I talked about this a little at Tuesday night's Council
meeting. But not until I tossed out a question I know no one
expected. "Do you remember," I asked, "do you remember when
your ministry began?"
You should know right now that council meetings don't
typically begin this way. Usually I read a passage from
scripture, make what I hope is a helpful comment or two, and
then before we move into our agenda, I offer a prayer.
But Tuesday night was different. Do you remember when your
ministry began, I asked, looking around the circle and
inviting responses from the ministers gathered there.
It wasn't curiosity that inspired my question. It was a
combination of two things: today's gospel reading and my
sense that church folks don't get asked this question nearly
often enough. If you get asked at all.
When did our ministries begin, yours and mine?
Because we are each so different and our journeys so
marvelously varied, it would be safe to say that no two
answers could ever possibly be the same. And yet as varied
as they are, our answers are also identical. My ministry,
your ministry, his ministry, her ministry, everyone's
ministry begins when Jesus' did--at baptism.
The church understands that not only are we offered
forgiveness and brought fully into the community of Christ,
at baptism God's own Spirit touches us, commissions us, and
then sends us forth to grow into our God-blessed ministry.
Just as God touched, commissioned, and sent Jesus into the
world to grow into his.
Wait a minute, now.

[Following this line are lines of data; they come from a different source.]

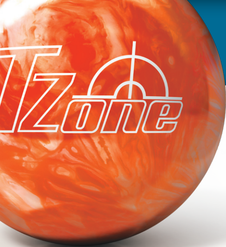
Orange/White Pearl Glow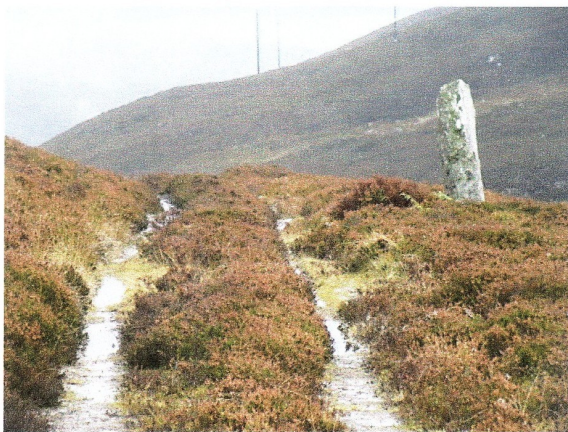
NH 836257 (to SE)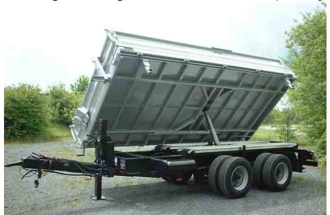
Total weight 18000 kg , order number 889/18000, net load approx. 13800 kg, loading gauge approx. 5000x2420 mm, loading height unloaded approx. 1110 mm, twin tired (eight tires) accessories: feather jack and central locking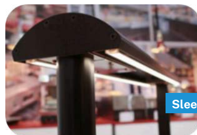
Sleek Curved Design

*picture shows GM5AHL series with lighting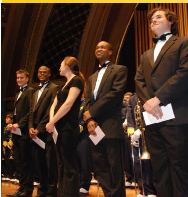
2011 UMBAA Scholarship Recipients Symphony and Concert Bands

The website requires users to be logged in before seeing the Membership and Concert Band forms. If you are not sure what email address we have for you or have any problems creating a login, send an email to umbaa-webmaster@umich.edu including what band(s) you played in while at UM, your first year in the band, and the name you used when in the band.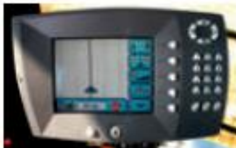
Fig. 5 Display of “Auto-Guide Challenger” system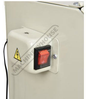
Switches for Light and Dust Collector

Don't misunderstand me here.
To say that we are commissioned to ministry at baptism is
not to suggest that those who are not baptized have no
ministry or that theirs is not blessed by God. That simply
is not so. Because of God's gift of Pentecost, we all share
in the Spirit's touch that transforms us from mere followers
of Jesus into ministers who carry on and extend his
ministry.
When we look more closely at what God is doing in and
through baptism, we begin to see that something enormously
profound is occurring, something I think Christians
throughout the ages have tended to overlook and undervalue.
Tot, teen, or full-blown adult, the day you and I are
baptized something remarkable happens. The very same Spirit
that descended upon Jesus at his baptism and animated his
public ministry also alights on us. In addition to
everything else that is happening within us when the Spirit
comes to us as baptism, God uses this moment to make us
ministers.
Now whether you actually felt the touch of the Spirit,
whether you felt authorized at that moment is another thing.
If you were still a babe in your parent's arms when you were
baptized, unless you were the most spiritually sensitive of
infants, you were probably oblivious to the Spirit's work in
you. And even if you were of voting age, as I was the day I
went forward, you may have walked away from baptism with a
wet forehead and heart full of gratitude but nothing you
imagine that Jesus must have felt as he waded back to the
riverbank.
It can take years, sometimes decades, for the Spirit's touch
at baptism to be comprehended, trusted, and translated into
something that feels like an authentic ministry.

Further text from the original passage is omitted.